Phishing drained far less crypto in 2025, according to Scam Sniffer. (Shutterstock)The findings point to a notable shift in one of crypto’s most persistent security threats. Wallet drainers, which rely on tricking users into signing malicious transactions, have long been a major source of losses across decentralized ecosystems. While phishing did not disappear in 2025, its financial impact was substantially lower, and fewer users were affected overall.
Scam Sniffer said the number of victims linked to these attacks declined by about 68% year over year, with roughly 106,106 users impacted in 2025. The drop suggests that increased awareness, improved wallet protections, and better detection tools may be helping users avoid some of the most common traps used by attackers.
At the same time, the data shows that phishing activity remains closely tied to market behavior rather than steadily declining on its own. According to the report, periods of higher market engagement tend to create more opportunities for attackers, while quieter phases reduce overall losses.
This pattern played out clearly throughout the year. Scam Sniffer found that the third quarter of 2025 recorded the highest concentration of phishing losses, totaling about $31 million, or nearly 29% of the year’s total. That spike coincided with increased on-chain activity, when more users were actively interacting with wallets, decentralized applications, and token approvals.
By contrast, losses dropped sharply toward the end of the year. December saw phishing losses fall to roughly $2.04 million, reflecting lower overall activity and fewer opportunities for malicious actors to reach users at scale.
Rather than viewing phishing as a constant threat, Scam Sniffer described it as a risk that rises and falls alongside user participation. When more people are signing transactions and exploring new platforms, the likelihood of encountering a phishing attempt increases. When activity slows, so does the overall impact of these schemes.
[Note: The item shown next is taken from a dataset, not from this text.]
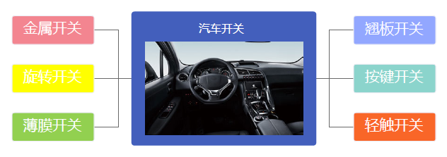 汽車的電子系統部分,它的許多功能部件,如方向盤、內置顯示屏、控制按鈕等。在汽車的中控部分有大量的開關。主要有翹板船型開關,按鍵開關,輕觸開關等,這些開關在汽車工作中起著決定性的作用。

Although total losses were lower, attackers did not stand still in 2025. Scam Sniffer observed shifts in how phishing campaigns were carried out, with continued reliance on permit-based signatures that grant ongoing access to a victim’s assets. These approvals can be particularly dangerous because they allow attackers to drain funds later, often without further interaction from the user.
The report also highlighted newer attack techniques tied to recent changes in Ethereum’s transaction framework. Following the Pectra network upgrade, Scam Sniffer identified phishing incidents involving malicious EIP-7702 signatures. These transactions bundle multiple actions into a single signature, making it harder for users to clearly see what they are approving. Two major incidents involving this method in August resulted in around $2.54 million in losses.
While these attacks introduced added complexity, their scale was smaller than some of the largest phishing events seen in previous years. Scam Sniffer said the biggest single phishing theft recorded in 2025 totaled about $6.5 million, well below the largest incident documented in 2024. This suggests that attackers may be shifting toward smaller or more targeted operations rather than relying on a few massive exploits.
Importantly, Scam Sniffer cautioned that its figures capture only one segment of crypto-related crime. The report focuses exclusively on wallet drainer phishing attacks observed on EVM-compatible blockchains and does not include losses from exchange breaches, smart contract exploits, malware infections, or private key compromises.
As a result, the decline should not be interpreted as a broad reduction in all forms of crypto fraud. Instead, it reflects changes within a specific attack category, one that has been heavily targeted by security tools and user education efforts over the past year.
Still, the data points to progress. Scam Sniffer noted that improved wallet warnings, transaction simulations, and phishing detection mechanisms may be making it harder for attackers to succeed using older techniques. In response, scammers appear to be experimenting with newer transaction standards and more subtle forms of deception. The report serves as a reminder that lower loss figures do not eliminate risk. Phishing remains an evolving threat, particularly during periods of increased market activity, when users may move quickly and approve transactions without close inspection.
Scam Sniffer showed that while 2025 marked a meaningful reduction in wallet drainer losses, continued caution remains essential. As transaction designs grow more complex and attackers adapt their methods, staying alert to what a signature actually authorizes remains one of the most important defenses for crypto users.